Op eerdere albums werkte de Zwitser Gilles Aubry samen met gastmuzikanten om zijn eigen abstracte computergeluiden te larderen met gitaar- en saxklanken ('Swift Machine' uit 2005) en percussie op porseleinen waterkommen ('Apam Napat' uit 2008). Voor zijn meest recente plaat 'Berlin Backyards' ging Aubry helemaal in zijn eentje aan de slag in verschillende Berlijnse achtertuinen om er een winter lang omgevingsgeluiden op te nemen.
Hoewel 'Berlin Backyards' zich laat luisteren als een 'live' multikanaalopname is het in feite een compleet kunstmatige constructie van losse geluiden die Aubry in zijn studio over en aan elkaar kleefde en bewerkte met allerlei ruimtelijke effecten. Het resultaat is een collectie van geluidsschilderijen waarin voortdurend nieuwe details te ontdekken vallen. In de verte vliegen straaljagers over of zoemt het verkeer onophoudelijk, iets dichterbij fluiten vogels of dreunt een bouwwerf en net naast je oren vallen regendruppels, piept een tuinpoortje en ritselt de wind. Door een minutieus gebruik van delay-, reverb- en stereo-effecten crëert Aubry een geheel nieuwe wereld van 'musique concrète' waarin de luisteraar spontaan geluiden tracht te identificeren door in en uit te zoemen op bepaalde delen van het gepresenteerde klankenpallet.

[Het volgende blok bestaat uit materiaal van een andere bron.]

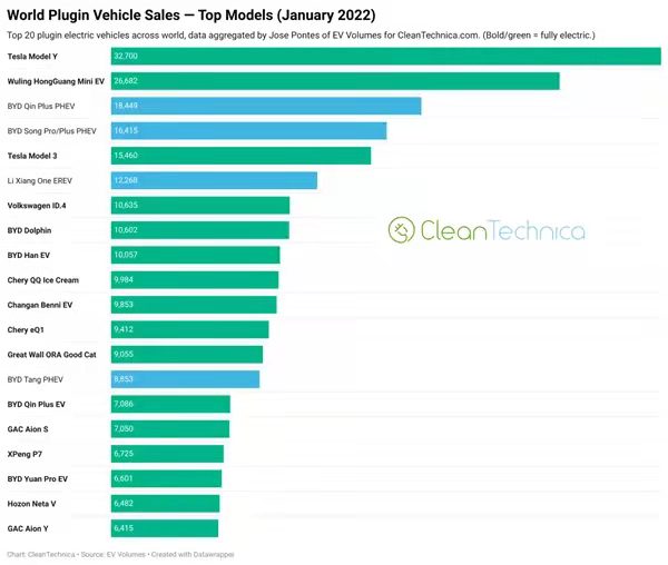 此外,值得一提的是,在2年前,全球新能源銷量榜單中,只有兩款中國車型上榜,在去年1月份,只有9輛,而在目前,前20陣營中,有17輛中國車型,也難怪該榜單如今已經(jīng)變成了“中國新能源汽車銷量榜”。
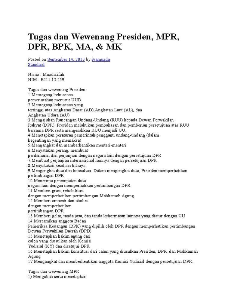 Tugas dan wewenang presiden wapres mpr dpr dpd bpk salamadian september 10 2018 0 tugas dan wewenang lembaga negara merupakan suatu lembaga pemerintahan yang berada didalam suatu negara dan dibuat dengan tujuan membantu membangun negara tersebut. Presiden adalah nama suatu jabatan yang digunakan untuk pimpinan suatu organisasi perusahaan perguruan tinggi atau negara. Hak atau wewenang presiden tersebut juga telah tertuang dalam peraturan perundangan undangan yaitu undang undang dasar 1945. Selain harus melaksanakan tugas dan kewajiban seorang presiden sebagai kepala negara dan kepala pemerintahan presiden juga memiliki hak atau wewenangnya sendiri dalam memimpin suatu negara.

Hoewel op zich zeer onderhoudend, doet Gilles Aubry op 'Berlin Backyards' niets om achterover van te vallen. Als concept is het nabootsen van één imaginaire ruimtelijke omgeving met een collectie willekeurig opgenomen natuurlijke geluiden intrigerend, maar na drie kwartier en een achttal composities slaat de vermoeidheid toe. Een iets meer gebalde plaat had het luisterplezier aanzienlijk verhoogd.